Probing Pre-trained Auto-regressive Language Models for Named Entity Typing and Recognition
This work addresses the problem of reducing annotation costs for NER in diverse textual settings, though it is incremental as it builds on existing meta-learning and pre-trained model approaches.
The paper tackled the challenge of named entity recognition (NER) and typing (NET) across varied genres and new entities by using pre-trained auto-regressive language models in a meta-learning setup, achieving fair performance especially for regular or seen names, with results showing that name irregularity can be an exploitable cue and foreign words have the most negative impact.

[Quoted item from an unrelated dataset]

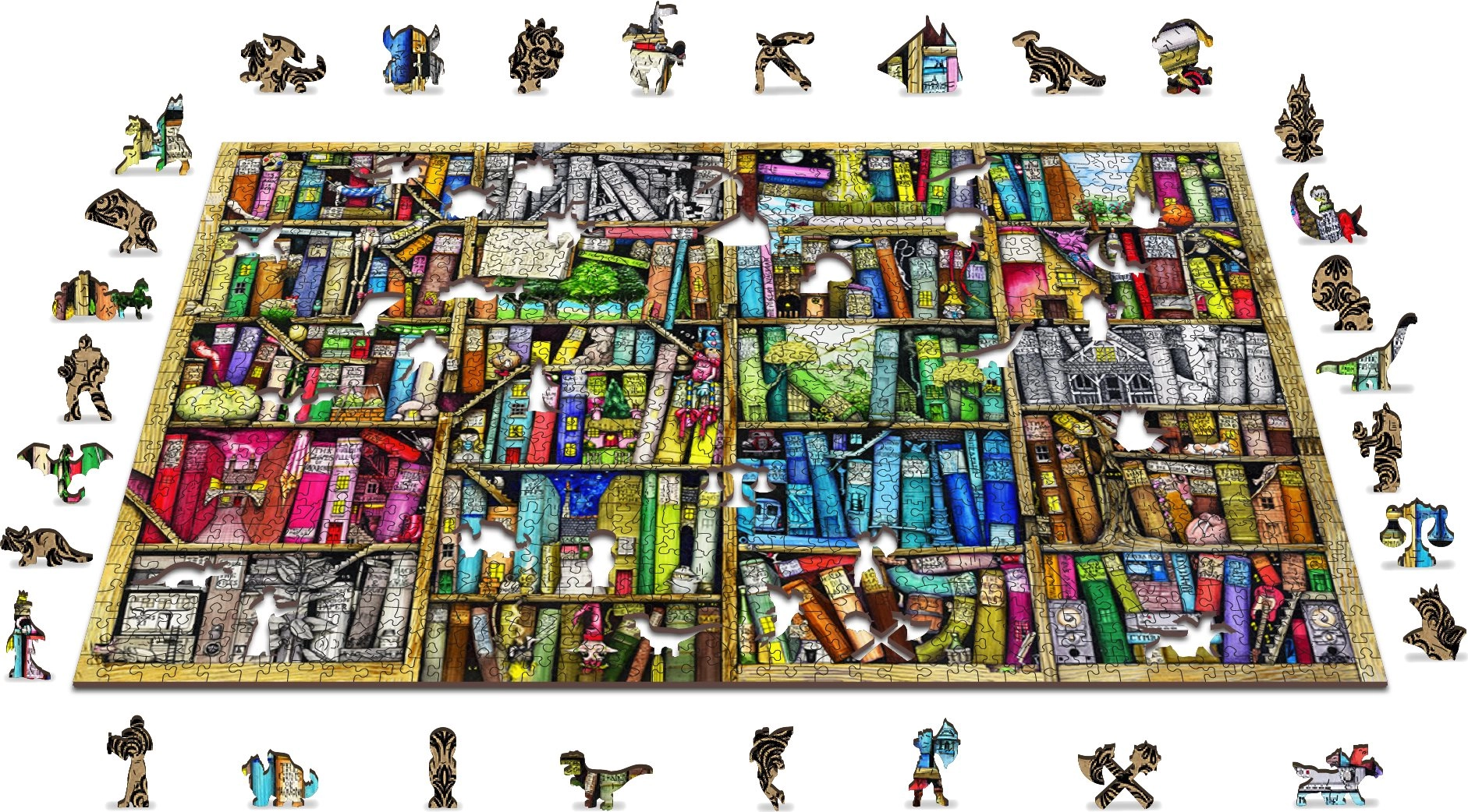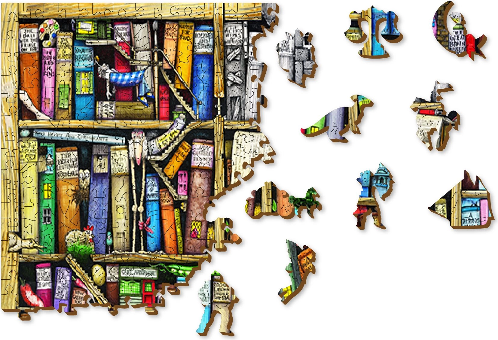 Wypróbuj zabawne i pełne wyzwań puzzle WOODEN CITY z motywem półek z książkami. Te drewniane puzzle są wycinane laserowo i oferują specjalnie kształtowane elementy, które zachwycają nie tylko oryginalnością, ale także precyzyjnie zaznaczonymi detalami.

Despite impressive results of language models for named entity recognition (NER), their generalization to varied textual genres, a growing entity type set, and new entities remains a challenge. Collecting thousands of annotations in each new case for training or fine-tuning is expensive and time-consuming. In contrast, humans can easily identify named entities given some simple instructions. Inspired by this, we challenge the reliance on large datasets and study pre-trained language models for NER in a meta-learning setup. First, we test named entity typing (NET) in a zero-shot transfer scenario. Then, we perform NER by giving few examples at inference. We propose a method to select seen and rare / unseen names when having access only to the pre-trained model and report results on these groups. The results show: auto-regressive language models as meta-learners can perform NET and NER fairly well especially for regular or seen names; name irregularity when often present for a certain entity type can become an effective exploitable cue; names with words foreign to the model have the most negative impact on results; the model seems to rely more on name than context cues in few-shot NER.